High School Curriculums, and Gordon vs. Seymour: A Fitzgerald/Salinger Comparison
The novels we choose for high school curriculums, and an analysis of despair.
Hello and Happy New Year!
Here’s a post addressing a gripe with high school English classes, then a comparison of J.D. Salinger’s Seymour Glass and Fitzgerald’s Gordon Sterrett. There will be spoilers of both stories in this post. (Here is “A Perfect Day for Bananafish” and May Day as PDFs.)
Thank you! Here’s to 2022.
tylermart.substack.com
There’s a misconception about the priorities of high school English. English class isn’t necessarily supposed to nurture a relationship with Literature — it’s primary function is to develop someone’s critical thinking skills through a process of reading and close analysis. The secondary (and far cozier) function of English class is to introduce Literature as a meaningful representation of the human experience, one worth exploring for its relevance, beauty, and its answers about common (and uncommon) human dilemmas (like any other art or media.) However, three years into an English degree, I think our choices of literature fails this latter purpose.
In English classes throughout the country, there's consensus on the books we teach — Moby Dick, 1984, Of Mice and Men, Macbeth, etc. I imagine hundreds of thousands of essays are scrawled each academic year about the themes of these novels, and of them, there are hundreds of thousands worth exploring. But, how engaging are these novels to teenagers?

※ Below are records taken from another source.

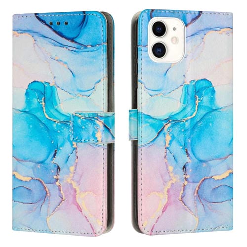 Funda de Teléfono iPhone 11 Cuero con Patrón de Mármol Pintado (Rosa Verde)
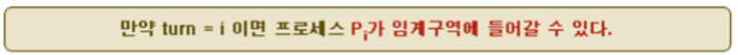 * 어떤 프로세스도 임계구역에 있지 않거나 나오지 않을 때는 turn의 값은 불변이다.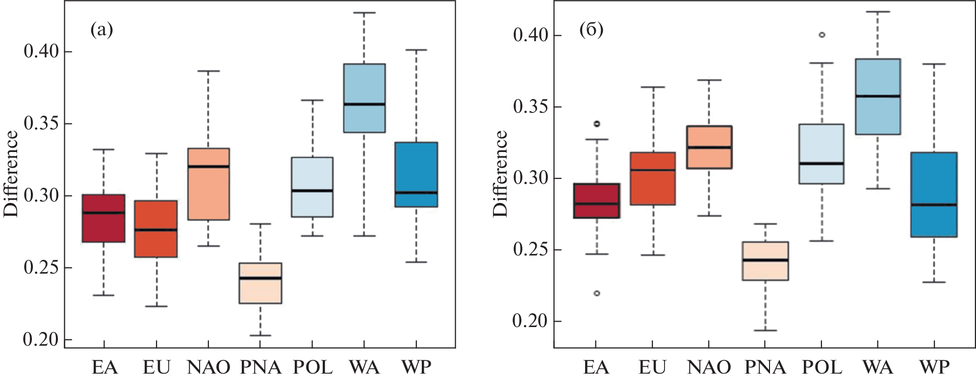- Barnston A., Livezey R.E. Classification, seasonably and persistence of low frequency atmospheric circulation patterns // Mon. Wea. Rev. 1987. V. 115. P. 1083–1126.

I suspect what spoke to me in high-school were texts that offered some substantive explanation about the encroaching transition into adulthood — not necessarily a how-to, but something that described the emotional abrasion out of adolescence and into a confusing, difficult, and sometimes insufferable reality of college, getting a job, moving out, and being wholly responsible for your actions. It was painful to sit through novels and classwork about a book that hadn’t told me anything about myself, or at least nothing that shone relevancy to the growing dissatisfaction I had about life and “growing up.” (The Scarlet Letter — who thought that was a good idea?)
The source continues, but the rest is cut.